• Consultation Paper on Consob Regulation of Issuers and Regulation of Markets
  • April 24, 2012
  • Law Firm: Norton Rose Canada LLP - Montreal Office
  • In the course of 2011, following the financial crisis, the Italian regulator, Consob, started and directed a process to study and revise certain regulations in order to revise provisions which would favour access to the market by companies and investors. As a result, the first set of amendments which were aimed at reducing the administrative and economic burdens on the market (Deliberation no 18079, January 2012) were approved earlier this year. In late 2011, Consob conducted further work with a view to amending certain provisions in connection to issuers and the market for the purposes of: (i) maintaining an adequate level of national regulation when compared to European regulation; (ii) simplifying the requirements in connection with the status of a “company listed on a regulated market” in order to reduce procedural costs, and to maintain an efficient level of control of the market in order to protect the rights of the investors. Following this work Consob published, on 22 March 2012, a consultation paper proposing further amendments to the Consob Regulations of the Issuers (IR) and to the Consob Regulation on the Markets (MR). The deadline for comments on the consultation paper is 23 April 2012.

    The main amendments proposed are, inter alia, the following.

    Amendment of the definition criteria for the Issuers of financial instruments widely distributed among the public

    Increased threshold (from 200 to 500) in the number of shareholders and bondholders for the applicability of the regime of the so called “Issuers of financial instruments widely distributed among the public”, enhancing the effectiveness of the diffusion of the financial instruments amongst the public. Further, with respect to companies issuing bond securities, it is required that such issue has a nominal value equal to or above Euro 5 million.

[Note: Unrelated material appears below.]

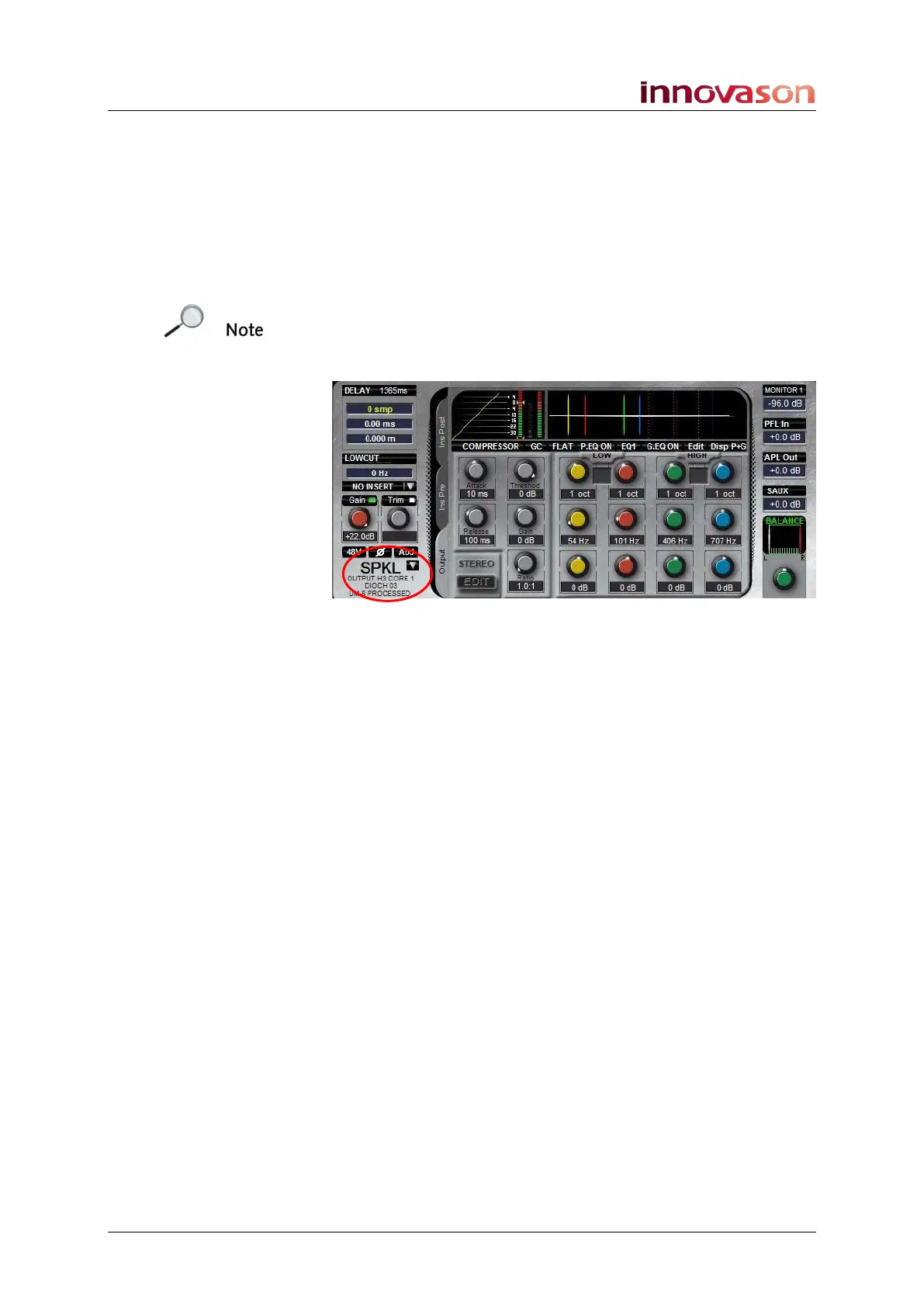 You will see the output patch name – e.g. SPKL – and any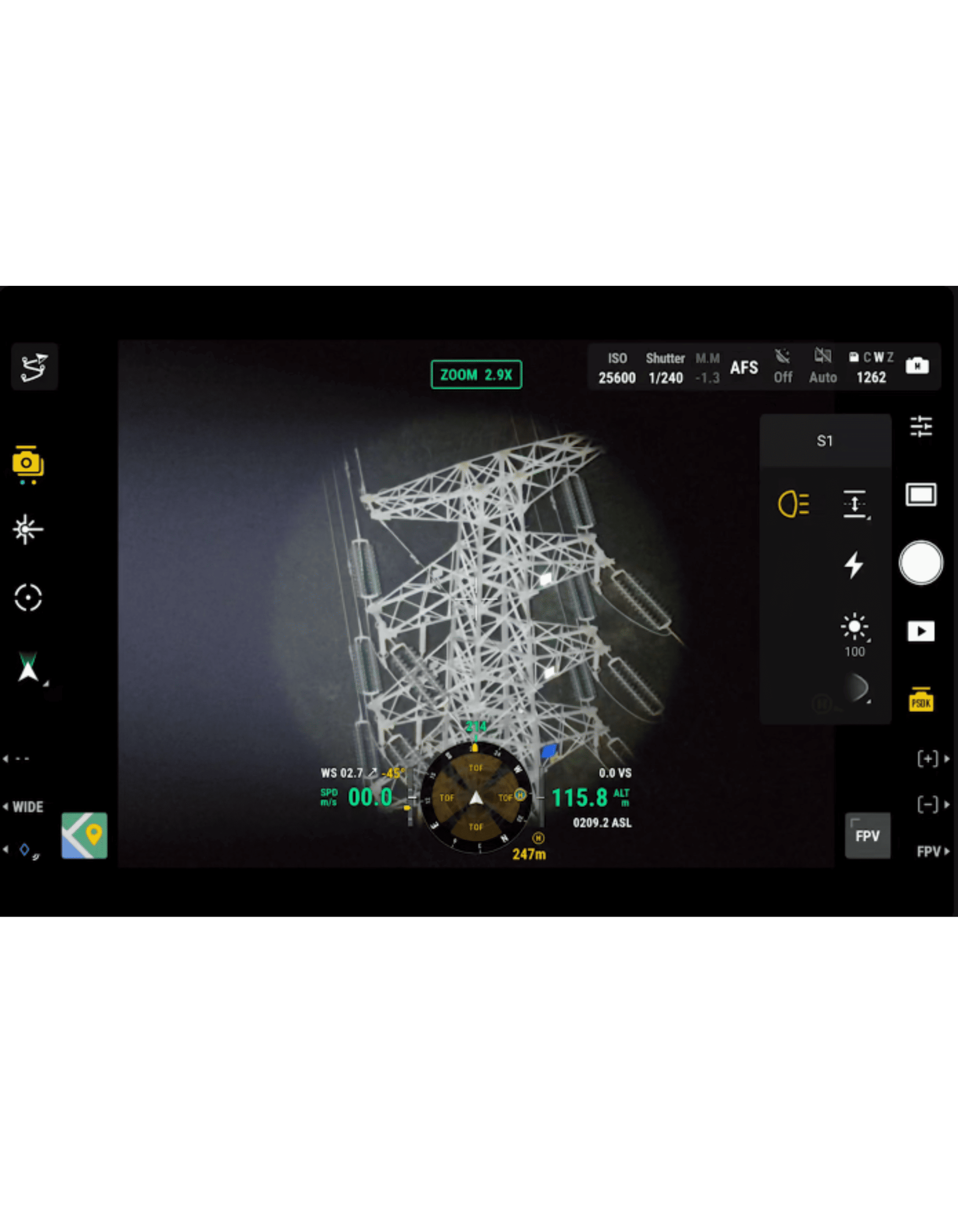 To protect the operator’s vision, the Zenmuse S1 automatically dims to 40% brightness when the drone is not in flight, reducing glare and enhancing eye safety.

    Therefore the proposed definition criteria is intended to streamline and reduce the regulatory regime applicable to the current number of companies that will no longer fall into the definition.

    Public offerings

    Reduction to Euro 100,000 (from Euro 250,000) of the minimum subscription for the application of the exemption from the publication of a prospectus in public offers involving: a) open-ended collective investment undertakings; and b) financial products issued by insurance companies. An identical reduction has also been proposed for the exemption to launch a takeover bid or tender offer, by the issuer, aiming to acquire or offer units of investment schemes or financial products issued by insurance companies. The proposed changes will serve a double purpose: (i) align the IR with the Prospectus Directive as amended; and (ii) extend the application of the regime on tender and exchange offers also to investment schemes and offers of financial products issued by insurance companies.

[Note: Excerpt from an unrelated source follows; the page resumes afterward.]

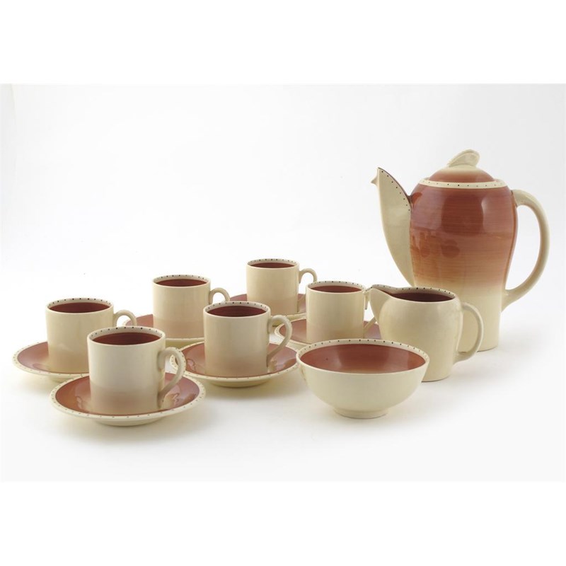 A Susie Cooper Production Kestrel coffee set for six, comprising; coffee pot and cover, milk-jug and sugar basin, six cans and saucers printed factory marks, coffee pot 19cm. high

    Moreover, in order to deal with the issue of so called “splitting”, the consultation paper proposes to extend an extension of the publication exemption of an offering document, to the event offor exchange offers of securities with: (i) a value of no less then Euro 50,000 000 and; (ii) where the bondholders, who did not reach the amount of bond required for the exchange, are provided with a money consideration [sorry but I don't follow - can we please re-word?].

    Shareholders’ rights

    In light of the current reduction in capitalization and market volatility, the consultation paper amends the criteria for the calculation of the percentage requested for the submission of the lists of candidates for appointment to the board of directors: (a) variation of the capitalization parameter to 1 billion Euros; and (b) subsequent variation of the percentage for the list’s submission: 1 per cent for the companies whose capitalization is between 1 billion and 15 billion, and 2.5 per cent for companies whose capitalization is less than Euro1 billion, with no variation for the other thresholds of 1.5 per cent and 2 per cent.

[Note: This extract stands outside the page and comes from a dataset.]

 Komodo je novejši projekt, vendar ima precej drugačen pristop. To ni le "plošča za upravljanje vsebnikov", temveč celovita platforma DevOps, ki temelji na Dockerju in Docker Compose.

    Moreover, in order to guarantee greater fairness amongst shareholders and to encourage IPOs, companies intending to go public may adopt as reference criteria for the submission of lists, and up until the second renewal term of the managing boards, a percentage of share capital possession ownership equal to 2.5% share capital possession [is possession the right word?] with no regards to the capitalization.

    Information duties

    To achieve maximum harmonization on obligations concerning ownership structure, so as to lighten regulatory requirements on investors the consultation paper proposes a simplification of the disclosure procedure of significant holdings as follows:

    • removal of the communication duties on the significant holding as per article 117 IR, which are additional to the ones pursuant to the Transparency Directive (35, 40, 45, 75 per cent)

    • extension of the application of the significant holdings regulation to all parties (EU and non-EU) which perform asset management activities, with the extension of the exemption from the communication of the significant holdings between 2 per cent and 5 per cent in order to allow the application to non harmonized close ended collective investment undertakings

    • streamlining of the disclosure obligations of fiduciary companies, to the sole circumstance of the trustees exercising discretionally the right of vote on the registered

    • new exemption for the temporary acquisition of shares below the threshold of 5 per cent by qualified investors.

    In light of the above amendments, it is clear that the intention of the consultation paper is the simplification and harmonization of procedures in order to make entry to the market easier and more affordable.